Let $A$ be an $n \times m$ matrix and let $B$ be an $m \times n$ matrix. Also, let $n$ be less than $m$. Is it possible to construct $A$ and $B$ such that $AB$ is invertible?
I know that $AB$ must have dimensions $n \times n$. If both $A$ and $B$ are full rank, then $AB$ should also be full rank. Thus, $AB$ should be invertible. However, I can't find a line of reason for why $AB$ should also be full rank.
Any guidance is greatly appreciated!
On
Edit: My answer adresses the original version of the question.
A short answer: no. $A$ and $B$ have $m$ columns and $n$ rows respectively, and you let $n < m$ in the question, so the matrix product $AB$ can't even be defined.
On
$AB$ need not be invertible. To see this, take\begin{equation*} A = \begin{pmatrix} 1 & 0 & 0 \\ 0 & 1 & 0 \\ \end{pmatrix} \end{equation*} \begin{equation*} B = \begin{pmatrix} 1 & 2\\ 2 & 4\\ 3 & 1 \end{pmatrix} \end{equation*} Notice $A$ and $B$ both have full rank, but \begin{equation*} AB = \begin{pmatrix} 1 & 2 \\ 2 & 4 \\ \end{pmatrix} \end{equation*} does not.
If $A$ is $n\times m$ and $B$ is $m\times n$, with $m\lt n$, then $AB$ cannot be invertible. If $n\lt m$, then yes, it can be, but it doesn’t have to be.
If $n\lt m$, one example would be to let $A$ have first $n$ columns be the $n\times n$ identity and then fill in with zero columns; and let $B$ have first $n$ rows be the $n\times n$ identity, and the rest of the rows be zero. i.e. $$\begin{align*} A &= \left(\begin{array}{ccccccc} 1 & 0 &\cdots &0 & 0 & \cdots &0\\ 0 & 1 & \cdots & 0 & 0 & \cdots &0\\ \vdots & \vdots & \ddots & \vdots & \vdots & \ddots & \vdots\\ 0 & 0 & \cdots & 1 & 0 & \cdots &0\end{array}\right)\\ B&=\left(\begin{array}{cccc} 1 & 0 & \cdots& 0\\ 0 & 1 & \cdots& 0\\ \vdots & \vdots & \ddots & \vdots\\ 0 & 0 & \cdots & 1\\ 0 & 0 & \cdots & 0\\ \vdots & \vdots & \ddots & \vdots \\ 0 & 0 & \cdots & 0\end{array}\right). \end{align*}$$ Then $AB$ is the $n\times n$ identity.
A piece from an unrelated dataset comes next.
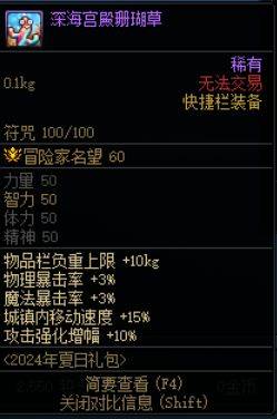 纹章一直是夏日礼包的核心提升点之一,几乎每年夏日礼包里面的纹章都是当年最强的。今年纹章的属性为30三攻/50四维、3%暴击、10攻击强化增幅,虽然对比前两年没什么变化,但同样也是毕业纹章。勇士们的角色若是没有纹章装备,可以考虑入手一个。
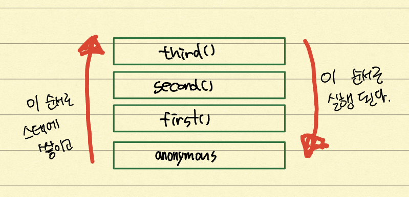 즉, third()가 먼저 실행되고, 이후 second(), first() 순서로 호출 스택이 비워짐.

So it is possible for $AB$ to be invertible. However, it need not be invertible necessarily. For instance, just move the identity matrix in $A$ one column to the right, and the product of $A$ and $B$ will not be full rank. For a worst case scenario, take $m=2n$, and let $A$ have $n$ columns of zeros followed by the identity matrix, and leave $B$ the same. Then $A$ and $B$ both have full rank, but $AB$ is the zero matrix.
On the other hand, if $m\lt n$, then note that the rank of $B$ is at most $m$; that means that the rank of $AB$ is at most $m$, and hence cannot equal $n$ (which you would need for $AB$ to be invertible). Alternatively, because $B$ has more columns than rows, there exists a nonzero vector $\mathbf{v}$ such that $B\mathbf{v}=\mathbf{0}$. But then $(AB)\mathbf{v}=\mathbf{0}$, with $\mathbf{v}\neq\mathbf{0}$, which again tells you $AB$ cannot be invertible.